The United Nations designated 2017 as the International Year of Sustainable Tourism for Development, and for good reason. The tourism industry generates 10.2 percent of global GDP and employs 1 in 10 workers.
Women make up more than half of the tourism workforce, which makes the industry’s growth a unique opportunity to empower women across the world. But we need additional data to better understand how women intersect with this burgeoning industry.
Evidence shows tourism’s potential to empower women
Case studies on women’s participation in the tourism industry illustrate that, in the right conditions, tourism is an avenue for financial inclusion and social empowerment. Although the ways women work in tourism varies by region and culture, examples of empowerment through tourism have three central characteristics.
Transferring skills. The tourism industry is an entry point to the formal economy by allowing women to apply skills they have developed through unpaid care work or practicing cultural traditions. These transferrable skills include cooking, craft-making, and home management.
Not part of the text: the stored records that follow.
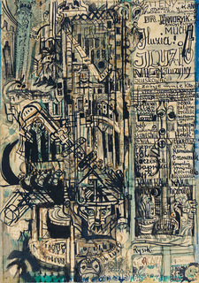 pióro, atrament niebieski, tusz lawowany; karton; 23 x 32 cm;
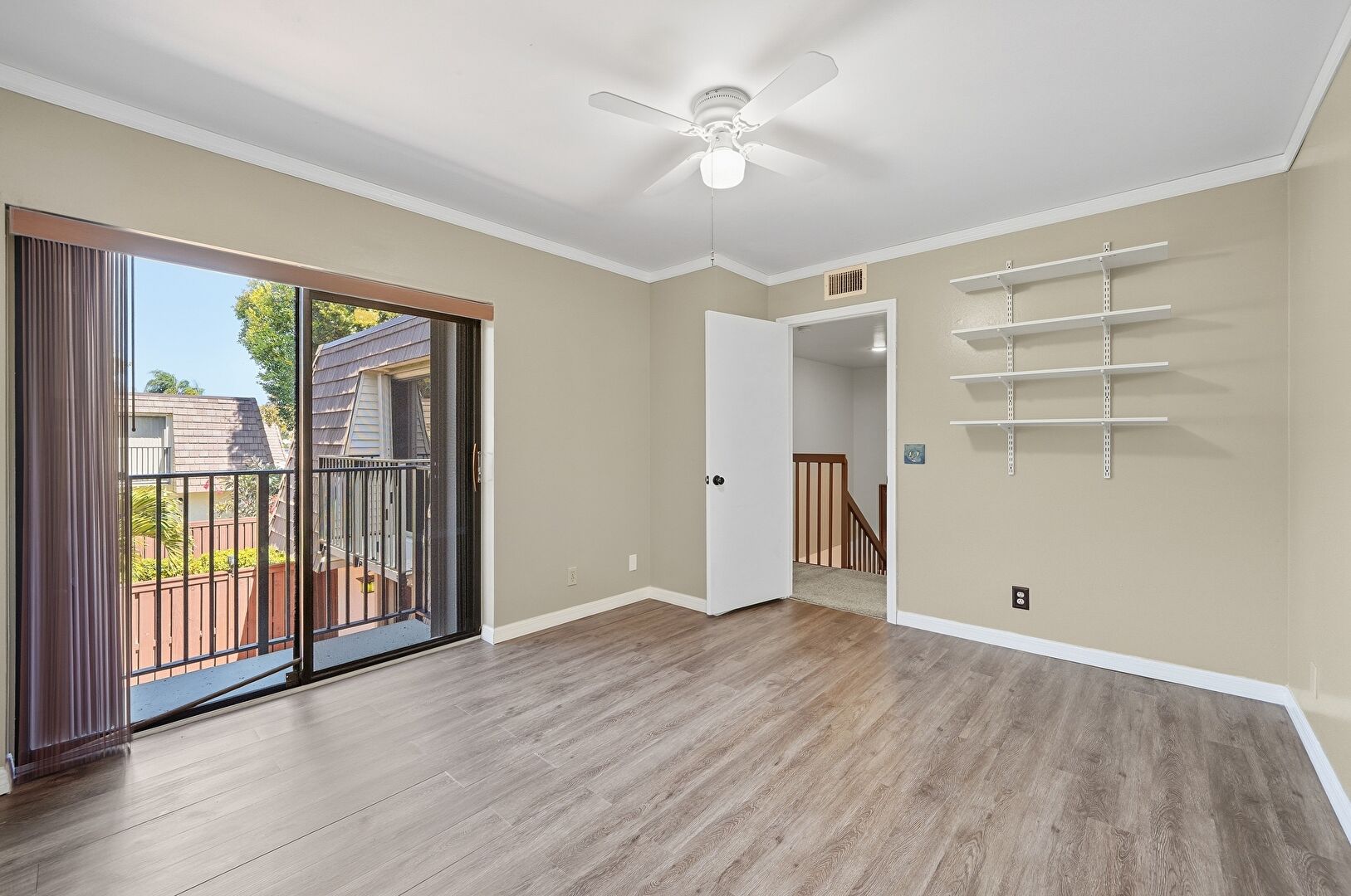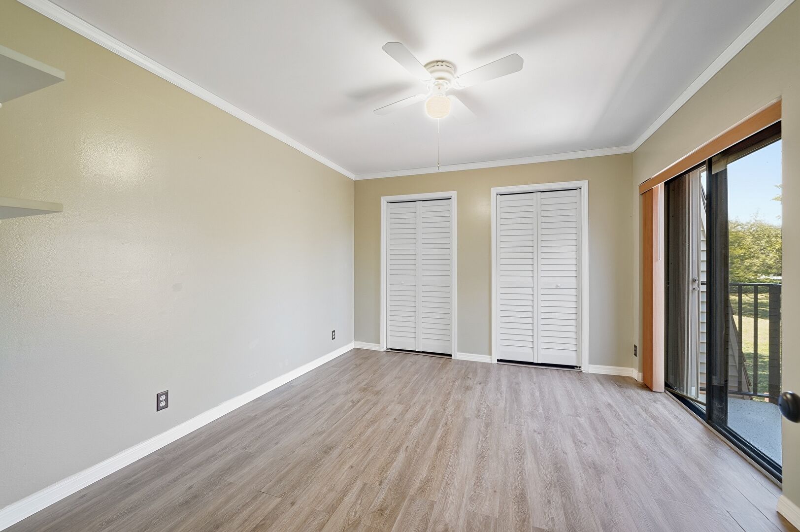 Access To Exterior, Baseboards Wall, Ceiling Fan, Crown Molding, Drywall, Natural Light, Two Closets, Wood Finish Floor, Vent, Wood Finish Floor
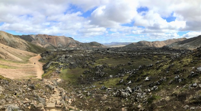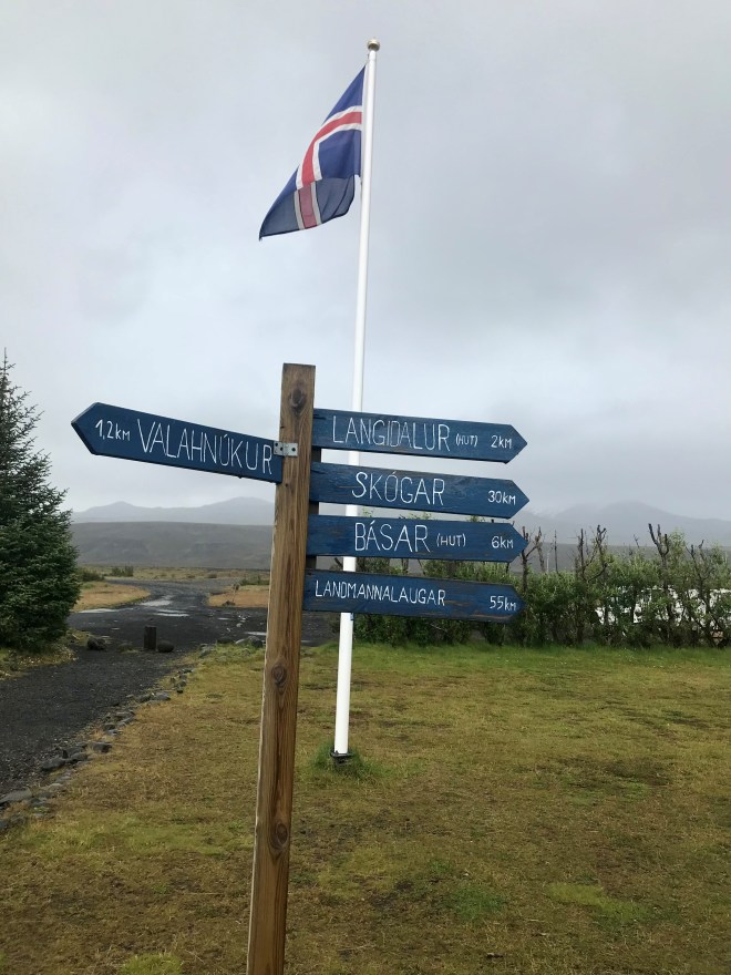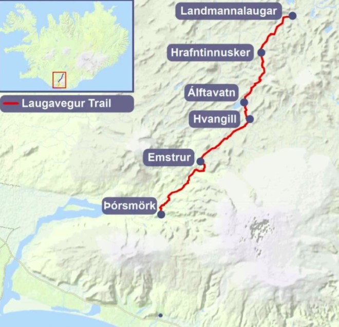 My wife and I are just back from hiking the Lagavegur Trail in Iceland. For readers who don’t know much if anything about this trail (we certainly knew nothing about it until an acquaintance we met on another hike told us about it), let me throw in a map here of the trail; normally, one starts at Landmannalaugar and one hikes southwards to ƥórsmörk.
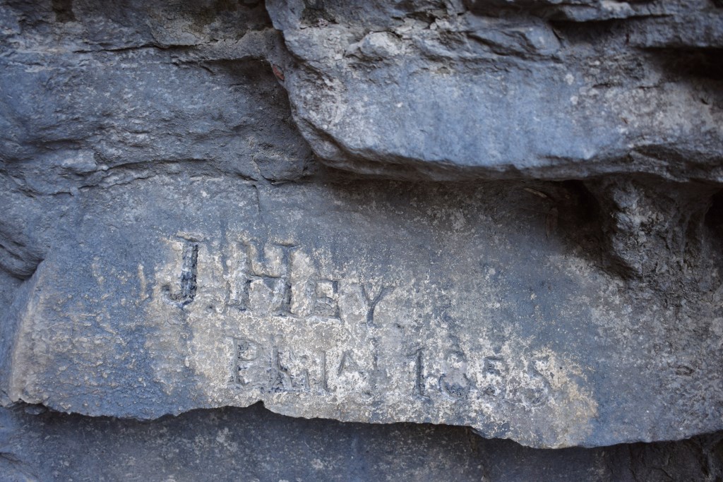George Washington’s initials, Natural Bridge (carved about 1/3 from top, outlined in white chalk)
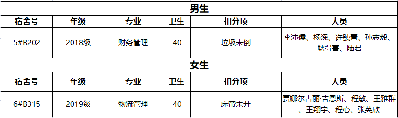 在本次的检查中,除了对宿舍整体卫生情况进行例行检查外,还对消防安全、违禁电器使用进行了重点检查,不合格宿舍如下:
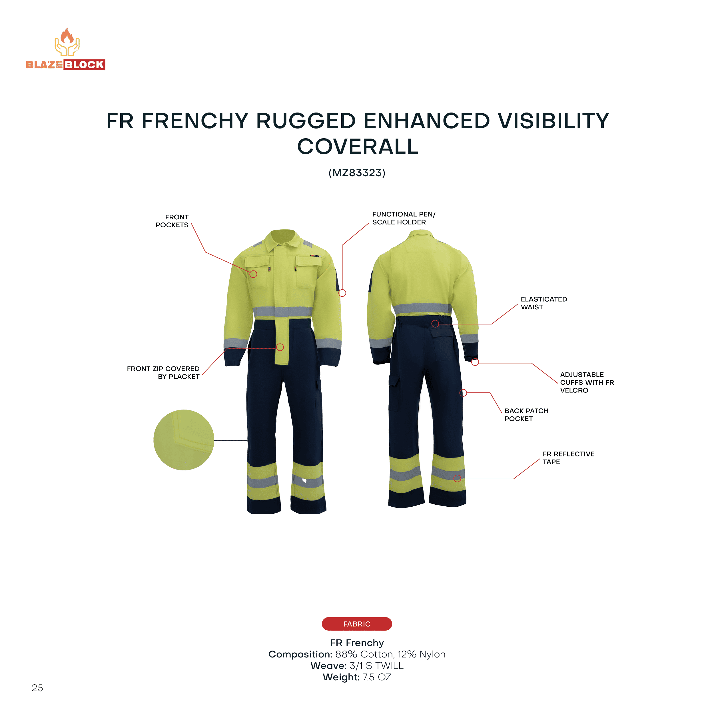 High Visibility – FR reflective tape for enhanced safety in low-light conditions.
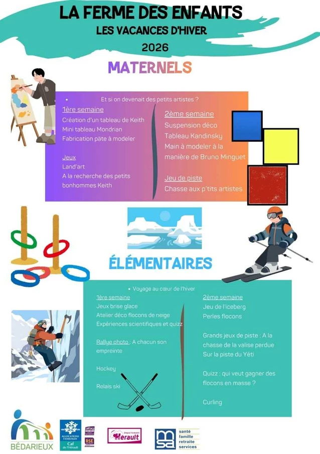 Le centre de loisirs La Ferme des Enfants ouvre ses portes pour les vacances d’hiver avec un programme riche en créativité et en aventures. Les équipes d’animation ont préparé deux semaines thématiques adaptées à chaque tranche d’âge, entre expression artistique et exploration glacée.

Developing new skills. Tourism provides opportunities for women to develop new technological, business, and vocational skills. The tourist-driven market for local pottery in Botswana allowed women with little formal education to receive on-the-job vocational training in pottery-making and sales, which they said increased their financial independence, confidence, and propensity for entrepreneurship.
The sharing economy has also increased the inclusion of women in the tourism industry, especially in roles where women have traditionally been absent, such as hosts, managers, and drivers. The largest example of the sharing economy at work in the tourism industry, Airbnb, provides a relevant case study. Fifty-five percent of Airbnb’s hosts are women, and they have earned $10 billion.
Sharing-economy giants like Airbnb and Uber are engaging with communities by training women in certain skills while helping them adapt to technologies like Facebook, WhatsApp, and e-mail. These skills will not only allow women to earn income, but also expand their economic horizon and opportunities in other spheres.
Forming partnerships. Partnerships between the public or private sector and communities can strengthen markets for tourism while facilitating women’s participation and empowerment. Airbnb, for example, partnered with the Self Employed Women’s Association in India to train women in hosting international travelers.
In Malaysia, indigenous women in tourism have benefited from the Orang Asli Development Agency’s creation of centralized handicraft centers within villages and the Forest Research Institute Malaysia’s work to measure the effectiveness and spread awareness of local herbal medicine.
We need to know more about women in the tourism industry
Despite case studies and descriptive analyses indicating the potential for tourism to empower women, few empirical studies support these cases. The sector’s informality poses a major challenge in accomplishing empirical studies.
Many contributors to the tourism industry are either not formally employed or their contribution is not well reported. Economic activities in the tourism industry are often intertwined with other sectors, which makes empirical estimation harder.
For example, the textile market has been a part of both the tourism and manufacturing industries, and estimating textile sales because of tourism alone is tough. This underlines the need for additional empirical investigation to ensure policymakers, development organizations, and potential private-sector partners understand how women can benefit from tourism.
Data collected on tourism should also be disaggregated by sex. The Global Report on Women in Tourism 2010, a publication by the United Nations World Tourism Organization and the United Nations Entity for Gender Equality and the Empowerment of Women, is the first and latest effort to quantify how women participate in the tourism industry.
The tourism industry and the corresponding technological landscape have changed significantly, and new analysis is long overdue. Thorough study of tourism’s economic and social opportunities can highlight how the industry can best empower women around the world. These new analyses can make important contributions to decisionmaking in both the public and private sectors.